Tuesday, July 31, 2012

Life-Sized Noah's Ark Open to the Public


Audrey Barrick
July 30, 2012

A life-sized replica* of Noah's Ark is now open to the public in the Netherlands.

Dutch millionaire Johan Huibers constructed the ark, following the measurements recorded in the Bible. It is complete with animals (plastic).

The ark took four years to build and though Huibers had planned to sail it to the London Olympics, which opened last week, he wasn't able to make it after being asked to clear everything with the fire department first, according to Sky News.

Huibers had built a smaller version of the biblical ark in 2007. That first ark drew hundreds of thousands of visitors.

The successful construction company owner has stated that his goal with the ark is to point people to the Bible and God.

Deborah Venema-Huibers, manager of the ark, noted to Sky News that they have been receiving requests from people worried that the world will end this year, according to conspiracies related to the Mayan calendar.

Dec. 21, 2012, marks the end of the Mayan calendar, and some believe the end of the world will fall on that day. Meanwhile, Christians have emphasized that no one can know the date of the end times, as stated in Scripture.

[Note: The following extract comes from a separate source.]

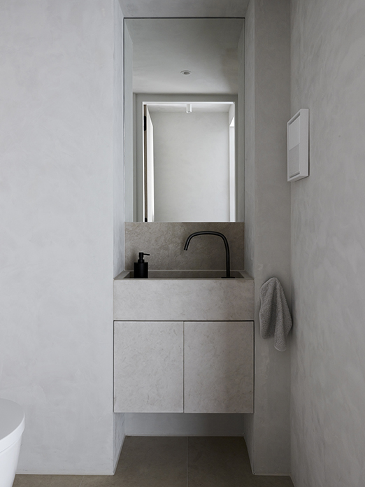 This bathroom was designed as a serene, Feng shui-inspired retreat in the vibrant heart of Amsterdam. A subdued palette and natural materials create a sense of balance and tranquility, radiating openness and calm.

The Huibers have rejected the requests for space on the ark, telling them that it is a museum and not a "rescue boat."

The account of Noah's Ark is recorded in the first book of the Bible. Noah, deemed the only righteous man in the wicked world, was given detailed instructions by God to construct an ark that would save him, his family and two of every kind of animal as God would send a flood to destroy all living creatures on earth.

* It was built approximately to scale, however is 1/2 the length and 1/3 the width of the Biblical dimensions. It was built to show the world how massive the Ark was and how so many animals could have been housed for a long time. It was built in smaller scale so it would be able to travel around Europe, navigating the canals, bridges, and rivers en route. The historical Ark had the same capacity as more than 500 train boxcars.